Source data:
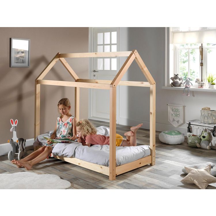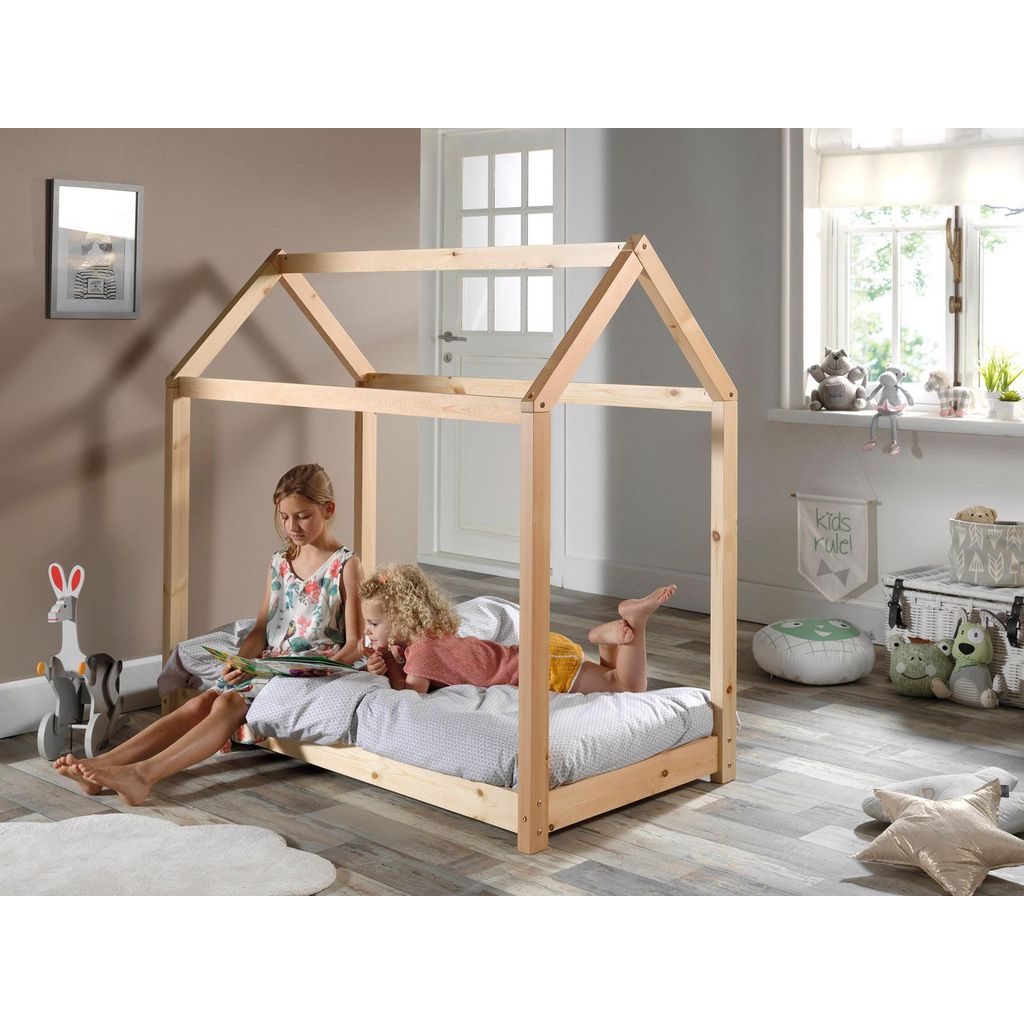 Lit cabane en bois massif avec sommier 70x140cm EDOUARD
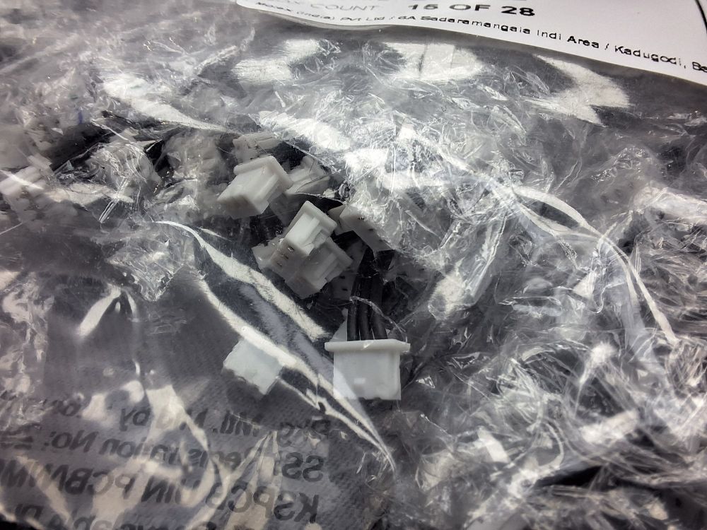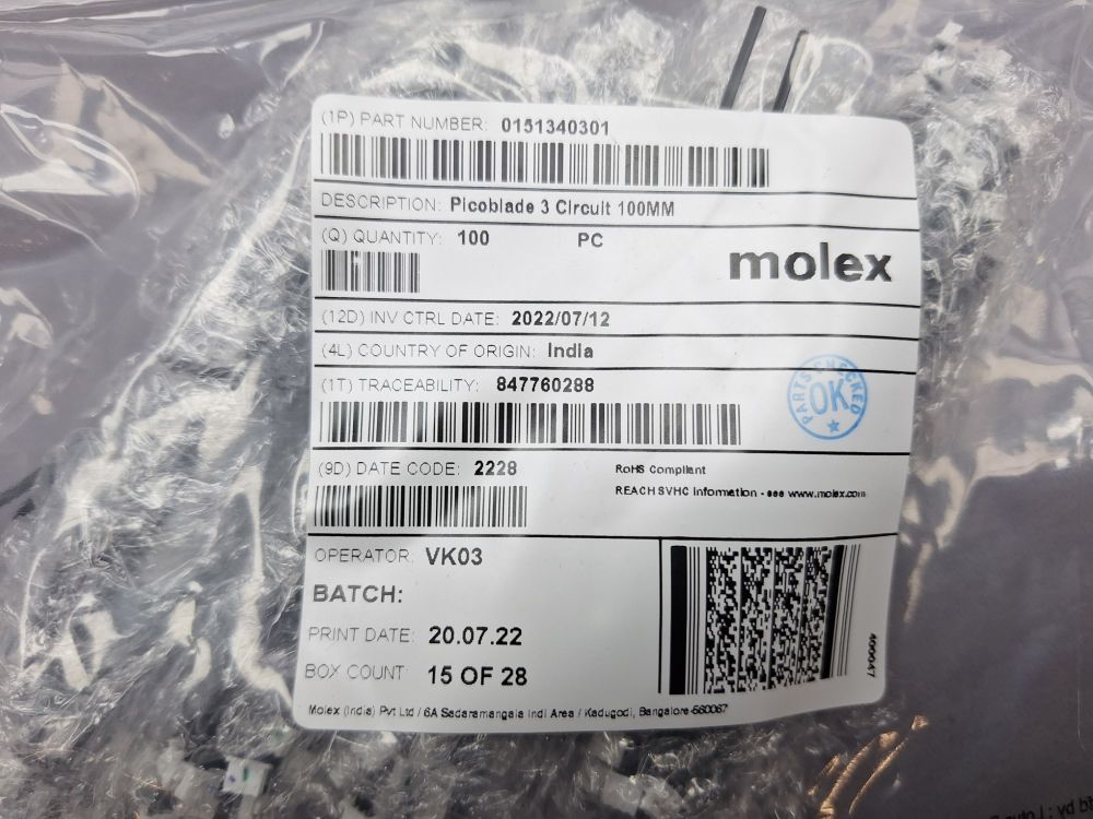 Professionele kabelassemblages van het merk Molex, type Picoblade 3 Circuit – 100 mm. Elke kabel heeft 2 witte 3-polige connectoren en is geschikt voor data- of stroomverbindingen in compacte elektronische toepassingen. Verpakt in 22 zakjes, elk met 100 stuks – Totaal: 2200 kabels Herkomst: India – RoHS-conform – met traceerbare batchinformatie
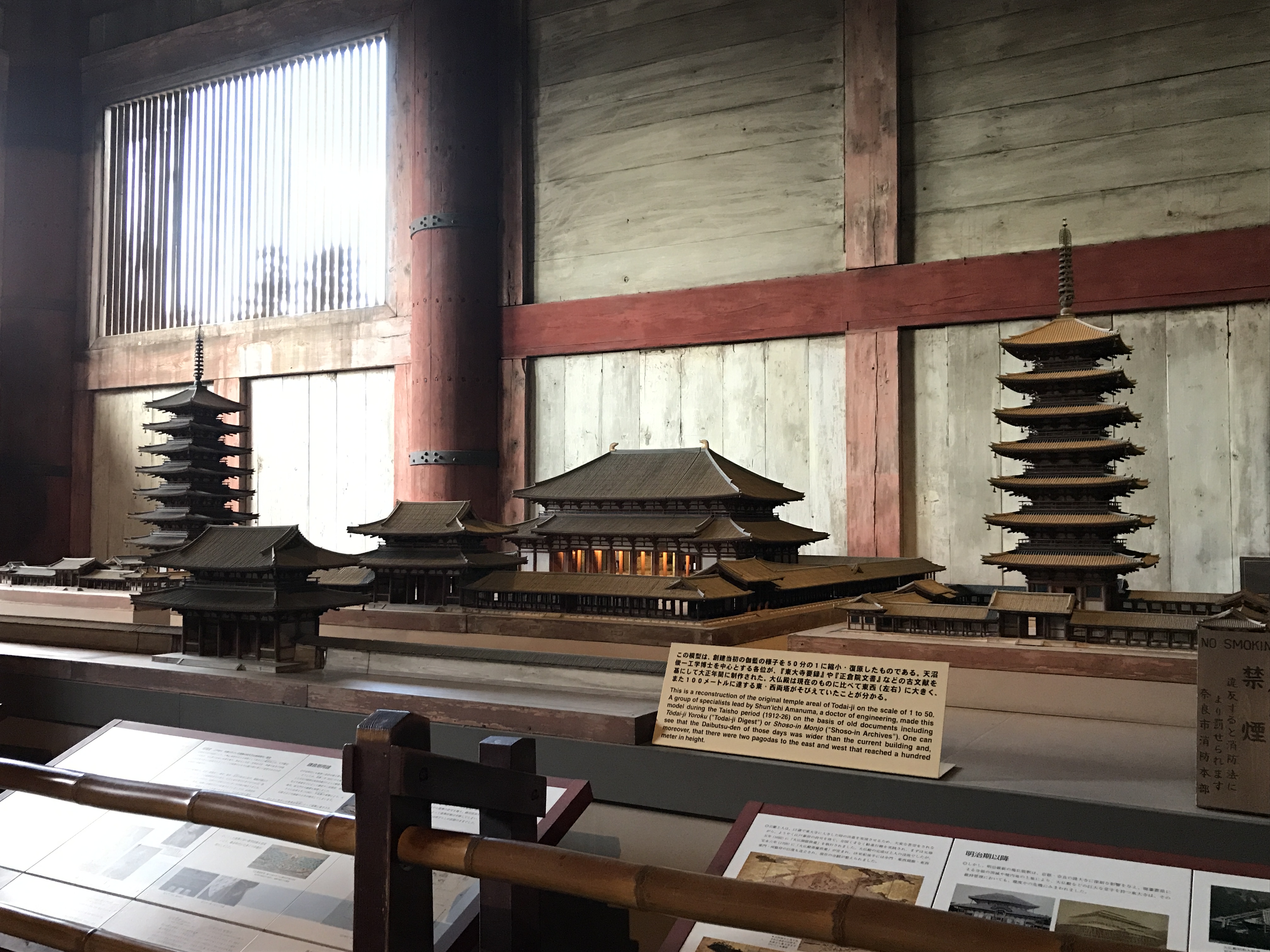 나라 시대 도다이지 가람은 남대문, 중문, 금당(대불전), 강당이 남북 방향으로 일직선으로 나란히 서 있었고, 강당 북쪽에는 동·북·서쪽으로 「コ」자 모양으로 승방(승려들의 거처)이 있었으며, 승방 동쪽에는 식당(직당)이 있었다. 남대문과 중문 사이 좌우에는 동서 2기의 칠중탑이 회랑에 둘러싸여 있었다. 745년 착공하여 가람이 대략 완성될 때까지는 40년 가까운 시간이 걸렸다.
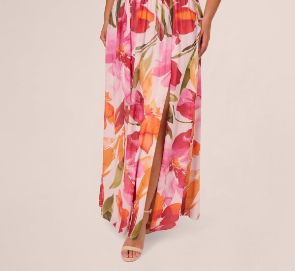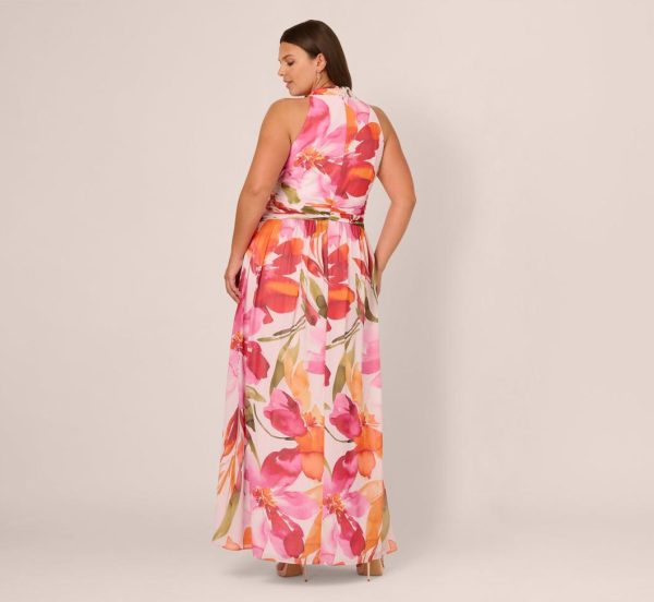 Plus Size Sleeveless Surplice Floral Chiffon Gown In Pink Orange Multi | Women Adrianna Papell Printed Dresses
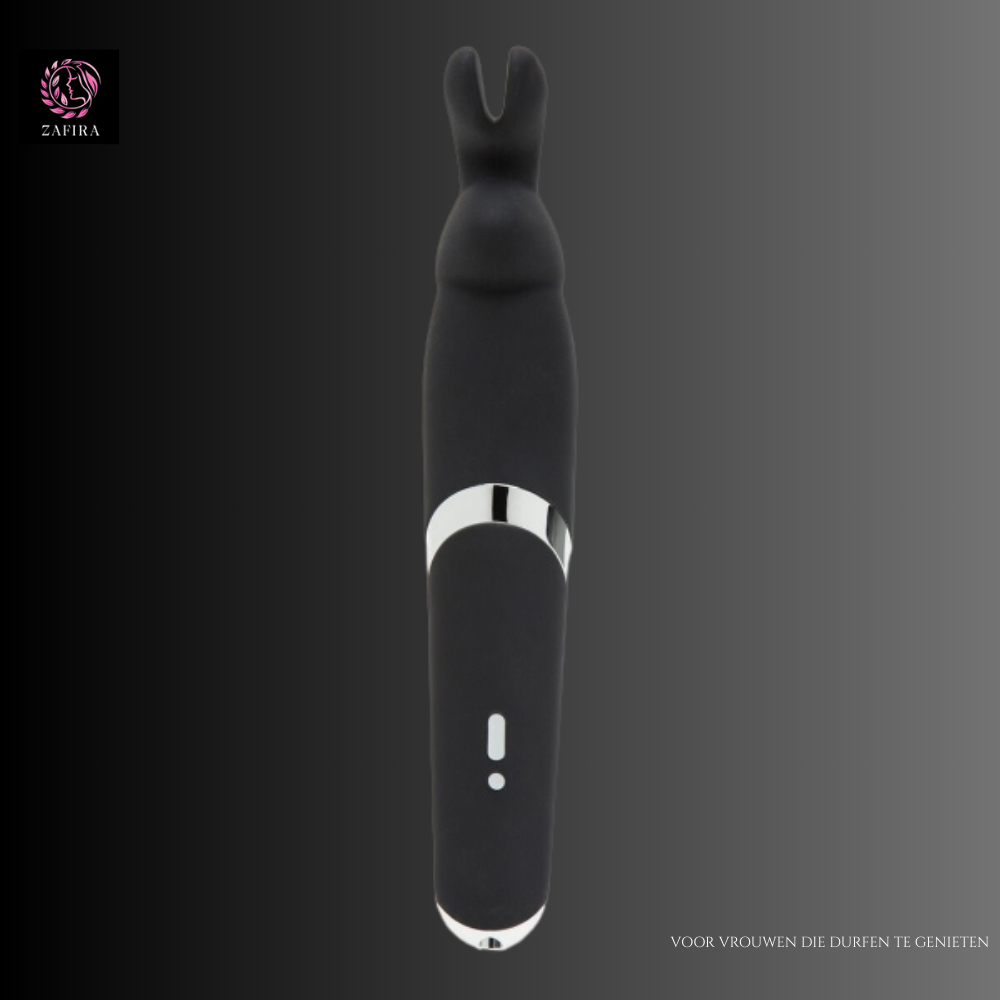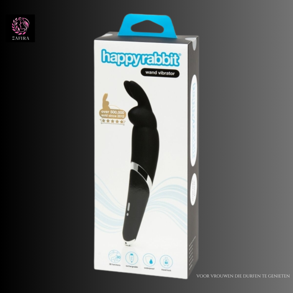 De Happy Rabbit Zwart is een speelse maar serieuze wand vibrator die comfort en krachtige prestaties moeiteloos combineert. De diepe zwarte kleur straalt elegantie uit, terwijl het slanke ontwerp en het fluweelzachte siliconen oppervlak zorgen voor een luxueuze ervaring op de huid.
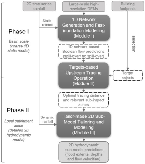 The sub-model approach consists of three modules (Modules I–III, as illustrated in Figure 1 and Appendix A). Module I extracts the 1D network from the DEMs and enables a fast-inundation simulation considering the spatial-varying rainfall. Modules II performs the upstream tracing operation and identifies the sub-impact zones relevant to specified targets. Module III extracts the critical computational cells based on identified sub-impact zones and configures the reduced domain and the optimised boundary condition for the full 2D hydrodynamic modelling. The general procedure is programmed and wrapped up within the ArcGIS Desktop ver. 10.6’s Python programming interface (ArcPy).

* **WORK TO COMPLETE**: Print only the lines from the first line of the data above through the one containing "Professionele kabelassemblages van", exactly as they are, with pictures omitted.

* **REPLY**:
 Lit cabane en bois massif avec sommier 70x140cm EDOUARD
 Professionele kabelassemblages van het merk Molex, type Picoblade 3 Circuit – 100 mm. Elke kabel heeft 2 witte 3-polige connectoren en is geschikt voor data- of stroomverbindingen in compacte elektronische toepassingen. Verpakt in 22 zakjes, elk met 100 stuks – Totaal: 2200 kabels Herkomst: India – RoHS-conform – met traceerbare batchinformatie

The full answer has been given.